Goldflimmer

'Goldflimmer'
Variegated
Evergreen
Rhododendron


"My house is made of flowers
The warm winds carpet the floor
Whenever there's spring showers
I open the rainbow door."

-Truman Capote
(1924-1984)

   

There is some debate whether 'Goldflimmer' is a cloned sport of Rhododendron catawbiense or R .ponticum & Greer's Guidebook to Available Rhododendrons makes no attempt to resolve the issue.

I'd think a simple assessment of the grayanotoxin content of the leaves would settle the debate, as this would be very high only in R. ponticum. But thus far no one has bothered to sort it out.

GoldflimmerCertainly the flowers resemble the Pontus rhododendron, but in general leaf appearance it seems to be a Catawba. A perusal of catalogs finds it pretty much randomly assigned to one species or the other.

It by no means shares the invasive potential of R. ponticum, but this could be only because variegated shrubs of all sorts have a lower chlorophyll production so tend to be restrained in habit.

This is a German introduction released in 1983 & seems still to be more popular in England & Europe than in the United States. Compact, mounding, very hardy, it grows four feet to as much as six feet high & wide in ten years.
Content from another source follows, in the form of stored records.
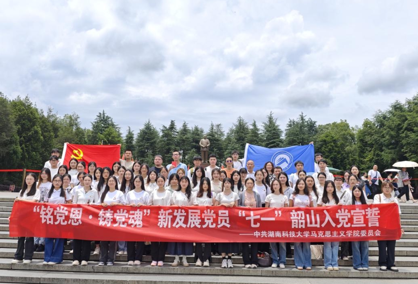 红色热土承基因,使命担当铸党魂。为进一步增强新发展党员党性修养,坚定理想信念,激发使命感和责任感,在建党104周年之际,我院党委组织新发展党员以及各学生党支部成员前往韶山开展“铭党恩·铸党魂”入党宣誓暨党性教育活动。
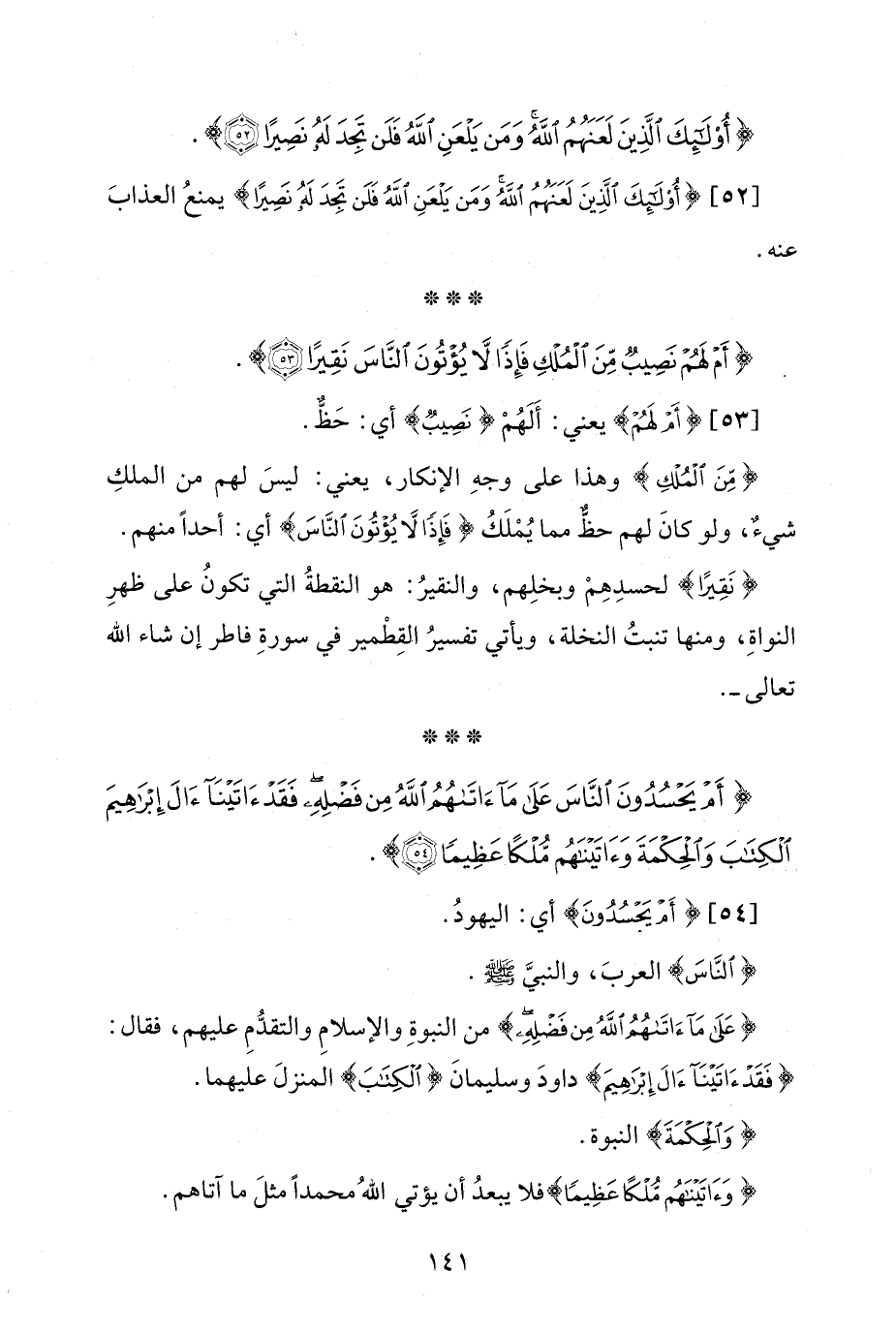 {أَمْ يَحْسُدُونَ النَّاسَ عَلَى مَا آتَاهُمُ اللَّهُ مِنْ فَضْلِهِ فَقَدْ آتَيْنَا آلَ إِبْرَاهِيمَ الْكِتَابَ وَالْحِكْمَةَ وَآتَيْنَاهُمْ مُلْكًا عَظِيمًا (54)}.
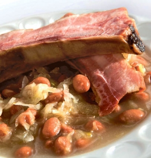 Potrebujemo: 500 g fižola, 500 g prekajenih svinjskih rebrc, 1 kg kislega zelja, sol, mleti poper, 3 stroki česna, pol čebule, 3 žlice olja, 1 žlica moke
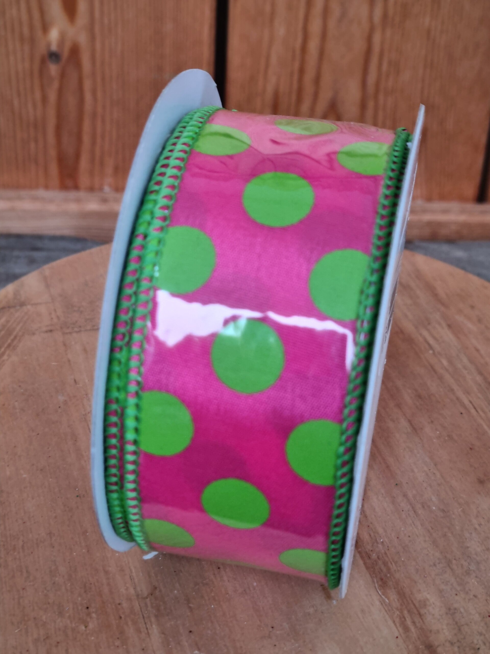 Hier saftig grüne mittelgroße Punkte auf pinkem Hintergrund.
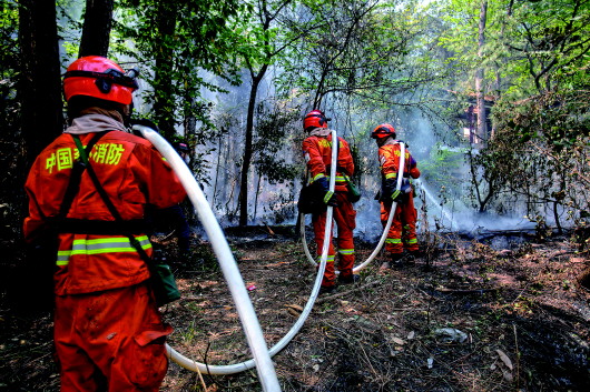 4月1日,四川省森林消防总队队员用水扑灭余火和烟点。
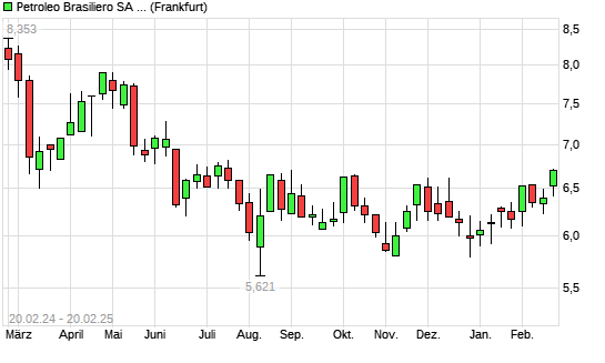 Mit dem Anstieg auf 6,67 EUR hat die Petroleo Brasileiro-Aktie (ISIN BRPETRACNPR6) am 19.02.2025 ein neues 6-Monats-Hoch erreicht und damit den Kurs vom 28.08.2024 eingestellt.
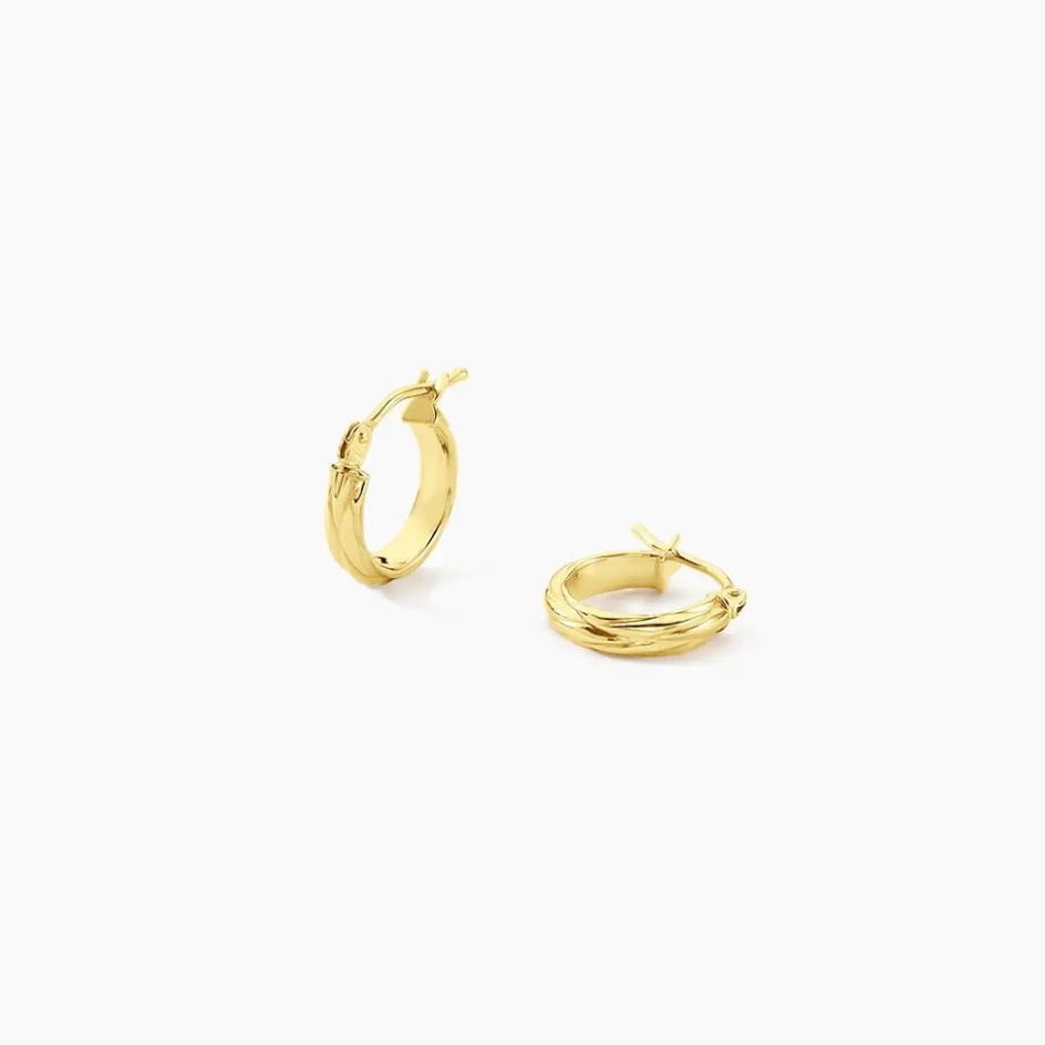 Créoles Or Jaune 375/1000 Fil Demi Jonc Effet Diamanté Largeur 3mm Diamètre 8mm

It's cold-hardy to minus 10 or minus 15 degrees F., suited to zones 5 through 8. It's also sun-hardy, but the ideal would be bright or dappled shade. The specimen shown here, in a friend's garden I've helped care for, has some trouble setting enough buds to be really impressive, because it spends much of the summer, when it would be setting buds for the following year, exceedingly shaded by a Japanese maple.

Its variegated leaves are deep green with a golden yellow flame or streak down the center of each leaf. It lends a bit of color even to the winter garden, as can be judged from the second photo snapped in March.

Often variegated rhododendrons are brittle, but this is not true of 'Goldflimmer.' So too for most variegated rhododendrons, the variegation isn't entirely stable & non-variegated limbs have to be pruned off, as is the case with R. ponticum 'Variegatum.' By contrast, 'Goldflimmer' is very stable.

Late May & June's ruffled lavender or lilac-purple flowers have yellow dorsal flairs. They are ruffled & occur in relatively small trusses.